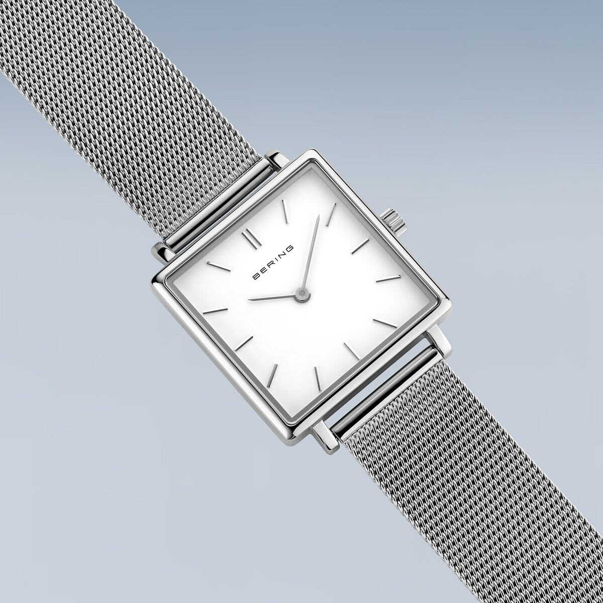 Эта женская модель из коллекции BERING Classic воплощает в себе сущность скандинавского дизайна: чистый, неподвластный времени дизайн с четкой структурой. Белый циферблат с тонкими часовыми метками и изящными стрелками словно отдает дань красоте редукции – спокойной, элегантной и точной. Прямоугольный корпус из нержавеющей стали, отделанный полированным серебром, придает часам архитектурный характер, отличая их от традиционных круглых форм. В сочетании с изящным ремешком из миланской ткани они создают гармоничный внешний вид и идеально сидят на запястье. Благодаря практичной откидной застежке часы надежны и удобны в носке. Плоское сапфировое стекло надежно защищает циферблат от царапин, а точный кварцевый механизм внутри обеспечивает точное отсчет времени.
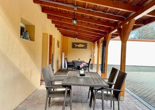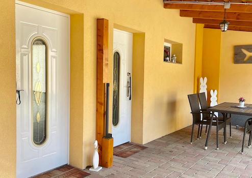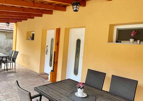 -mindkét apartman közvetlen 32 m²-es fedett terasz és udvar kapcsolatos
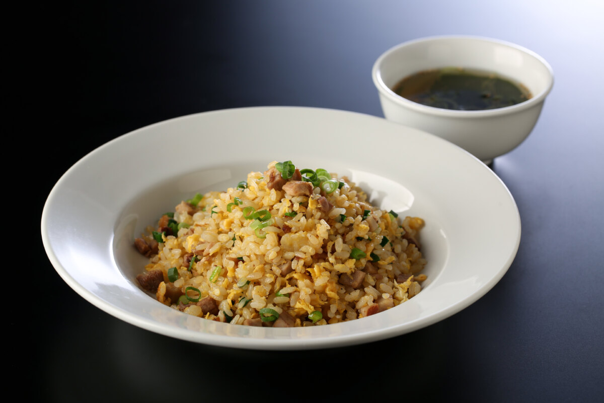 The fluffy, moist fried rice is made with a special sauce and comes with a side of soup.

** AIM OF THE EXERCISE **
Print each line of the listing exactly and include no pictures.

** RESULT FOR THIS TASK **
 Эта женская модель из коллекции BERING Classic воплощает в себе сущность скандинавского дизайна: чистый, неподвластный времени дизайн с четкой структурой. Белый циферблат с тонкими часовыми метками и изящными стрелками словно отдает дань красоте редукции – спокойной, элегантной и точной. Прямоугольный корпус из нержавеющей стали, отделанный полированным серебром, придает часам архитектурный характер, отличая их от традиционных круглых форм. В сочетании с изящным ремешком из миланской ткани они создают гармоничный внешний вид и идеально сидят на запястье. Благодаря практичной откидной застежке часы надежны и удобны в носке. Плоское сапфировое стекло надежно защищает циферблат от царапин, а точный кварцевый механизм внутри обеспечивает точное отсчет времени.
 -mindkét apartman közvetlen 32 m²-es fedett terasz és udvar kapcsolatos
 The fluffy, moist fried rice is made with a special sauce and comes with a side of soup.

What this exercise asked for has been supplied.